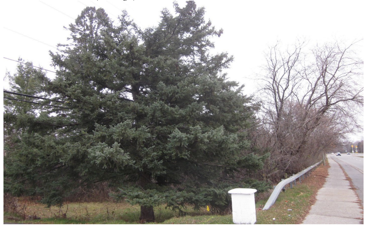
Picture 7. Trees #2 (left) and #71 and #72 (right background) at 1815 Montreal Road
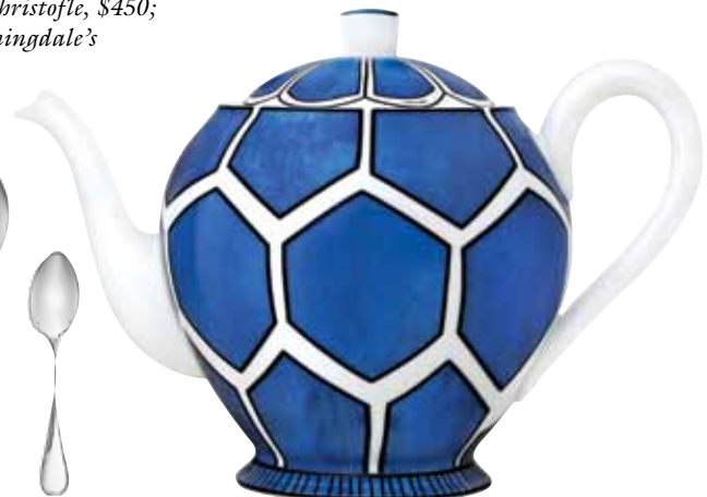
"Bleus d'Ailleurs" coffee/tea pot by Hermès, $595; Elements
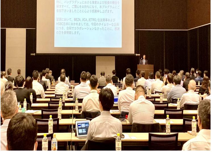
Investment Seminar, Tokyo
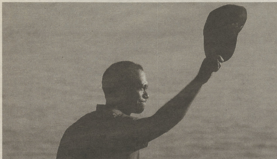
Tiger Woods tips his cap to the gallery at the Arnold Palmer Invitational after picking up his first victory after a 30 month drought.
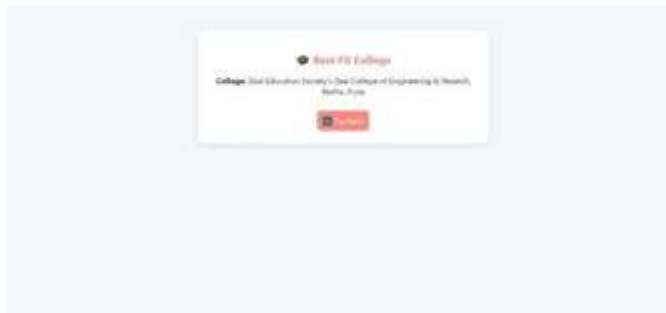
Fig - 1.6 Output Of Model 2
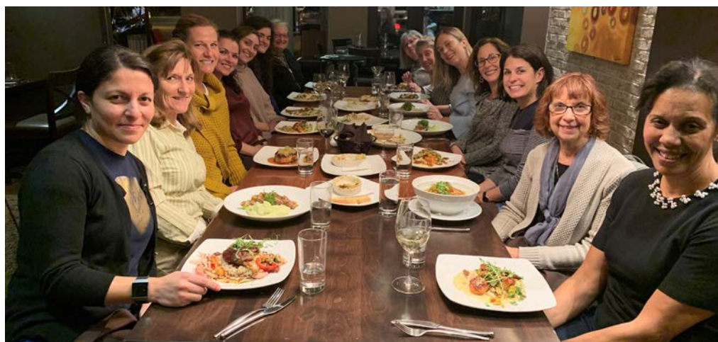
Members of the JCIPE and Pathways to Housing PA teams presented at the 2019 Collaborating Across Borders VII conference in Indianapolis, Indiana.
○ ○ ○
**INSTRUCTIONS FOR THE TASK**
The copy you give must run from the line containing "Investment Seminar, Tokyo" through the last line of the records, exactly, with the pictures left out.

**YOUR RESPONSE**
Investment Seminar, Tokyo
Tiger Woods tips his cap to the gallery at the Arnold Palmer Invitational after picking up his first victory after a 30 month drought.
Fig - 1.6 Output Of Model 2
Members of the JCIPE and Pathways to Housing PA teams presented at the 2019 Collaborating Across Borders VII conference in Indianapolis, Indiana.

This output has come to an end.